L'Intemporel
D'abord un petit préambule, pour vous dire une envie née d'une rencontre par blogs interposés...
Une envie de mêler deux mondes, deux modes d'expression, celui de tat, qui anime un univers où la poésie urbaine domine, grâce à son oeil acéré de photographe tour à tour malicieuse, citoyenne, créative, inventive, passionnée, généreuse, à mes mots qui ne demandent qu'à se poser sur un cliché qu'elle offre à mon imagination, en décalé, ou en adéquation.

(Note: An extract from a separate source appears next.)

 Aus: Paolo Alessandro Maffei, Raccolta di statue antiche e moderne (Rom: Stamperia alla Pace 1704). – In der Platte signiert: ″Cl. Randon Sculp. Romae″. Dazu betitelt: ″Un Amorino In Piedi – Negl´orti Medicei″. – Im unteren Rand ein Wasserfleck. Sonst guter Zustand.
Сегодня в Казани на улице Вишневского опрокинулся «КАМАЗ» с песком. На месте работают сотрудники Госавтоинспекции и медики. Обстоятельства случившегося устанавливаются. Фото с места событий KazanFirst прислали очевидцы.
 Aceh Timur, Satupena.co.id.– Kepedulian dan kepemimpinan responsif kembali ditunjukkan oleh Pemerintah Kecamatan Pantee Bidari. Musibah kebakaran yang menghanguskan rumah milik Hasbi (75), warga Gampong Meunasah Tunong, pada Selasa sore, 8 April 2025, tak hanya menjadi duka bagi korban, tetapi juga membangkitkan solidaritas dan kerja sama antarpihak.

Pari lancé: lundi 1er mars à 00H01, une première photo d'elle pour moi, un premier texte, de moi à elle, et c'est "l'intemporel"qui lance aujourd'hui l'idée d'une publication commune par mois.
Merci de nous donner vos impressions critiques, n'hésitez pas, si vous le jugez mérité, à nous encourager dans nos balbutiements!
photo: Tatiana
Petit, je jouais dans ce parc. Maman m'élevait seule et trimait dur. C'était la concierge de cet immeuble cossu que 'entr'aperçois à travers les grilles.

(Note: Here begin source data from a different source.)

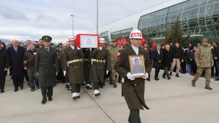 Kuzey Irak’ta Pençe Kilit Harekatı bölgesinde PKK’lı teröristlerle çıkan çatışmada şehit olan Erzincanlı Piyade Sözleşmeli Er Salih Ay’ın cenazesi, Yıldırım Akbulut Havalimanında düzenlenen törenle karşılandı.
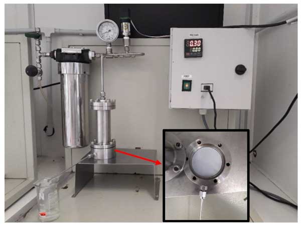為了生產(chǎn)聚合物膜,聚偏二氟乙烯和1-甲基-2-吡咯烷酮分別用作聚合物和溶劑。圖1展示了用于制備涂料的過程。最初,聚合物PVDF使用加熱套在60至70℃的溫度范圍內(nèi)完全溶解在1-甲基-2-吡咯烷酮溶劑中(圖1a)。為了獲得更好的合成膜滲透通量,加熱套溫度應(yīng)始終保持在上述范圍內(nèi)。然后將涂料溶液注入干凈的瓶中,再將所需量的粉末活性炭添加到原液中以生成用于混合膜的原液。最后,將裝有涂料溶液的玻璃瓶放入超聲波儀中8小時,以確認(rèn)添加劑的均勻混合,在制備的涂料中沒有產(chǎn)生任何氣泡。制膜過程使用甲半自動膜澆鑄機(jī)施加到合成使用干-濕相處理的平片膜。
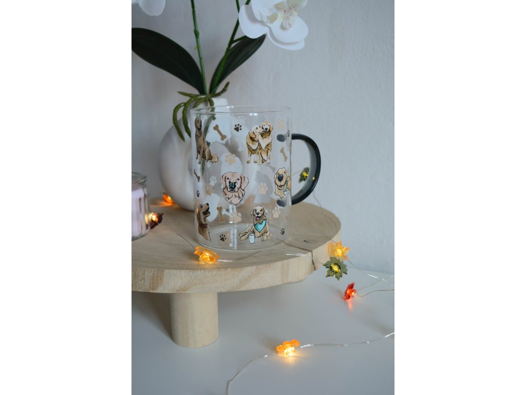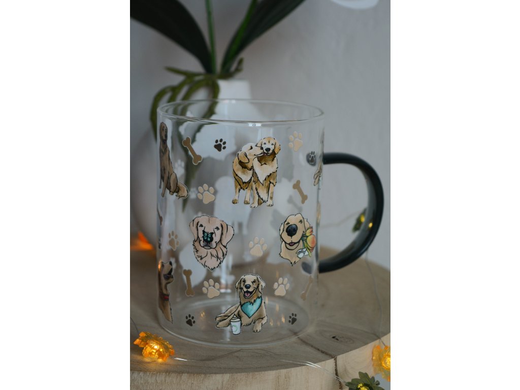Originální sklenička s uchem a s motivem zlatých retrívrů.
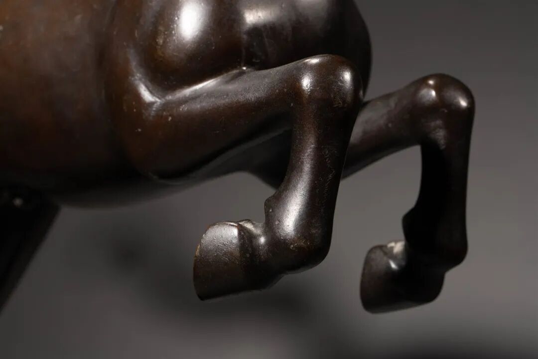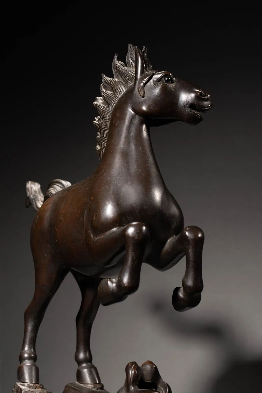 马是一种草食性动物,大约4000年前它被人类驯服后,在古代农业生产、交通运输和军事等活动中发挥了重要作用。而在古代中国,它除了具有实际作用外,还被赋予了丰富的象征意义。首先它象征自强不息、奋斗不止的精神,如人们常以龙马精神喻指中华民族自古以来所崇尚的积极向上的民族精神;其次它象征能力、圣贤、人才,如古人常以千里马来比拟难得和有能力的人才,千里马是日行千里的优秀骏马;再者它象征忠诚,因为马是人类最忠实可靠的朋友,历史上留下了许多关于马为主人赤胆忠心、累死沙场的佳话。因此之故,马在中国古代成为了艺术家创作的重要题材,至今留下了大量珍贵作品,其中1969年出土于甘肃省武威市雷台墓的东汉“铜奔马”(又称“马踏飞燕”),是古代奔马作品中的最杰出代表。这件铜奔马身躯刚健饱满,头顶鬓毛飞扬,神采潇洒骏逸,凸显了奔马的优良品质和威武雄姿。它昂首扬尾,张口嘶鸣,前两足腾空,后两足踏在嶙峋的山石上,表现了向前跨越的瞬间动作。整体造型生动,构思巧妙,将奔马的奔腾不羁之势与平实稳定的力学结构融为一体,展现了蓬勃旺盛的生命力量和一往无前的豪迈气势,具有激发人们奋发向上,大展宏图,战胜一切艰难险阻的积极美好寓意。

Elle m'emmenait au parc chaque jeudi après-midi, me tenant fort la main sur le pont, me mettant chaque fois en garde contre l'eau trouble du canal.
Je ne jouais qu'avec ceux de ma condition. Les gosses de riches nous méprisaient, nous les ignorions, je n'ai jamais vraiment souffert de ce fossé, j'étais choyé, épanoui.
Je ne sais plus trop bien pourquoi et comment j'ai atterri ici, je crois que je perd la mémoire et j'ai besoin de me raccrocher aux bribes de mon enfance. Je suis vieux, seul, fatigué; il faut que je me pose un instant. Ce banc où filtrent quelques rayons de soleil automnal fera bien l'affaire.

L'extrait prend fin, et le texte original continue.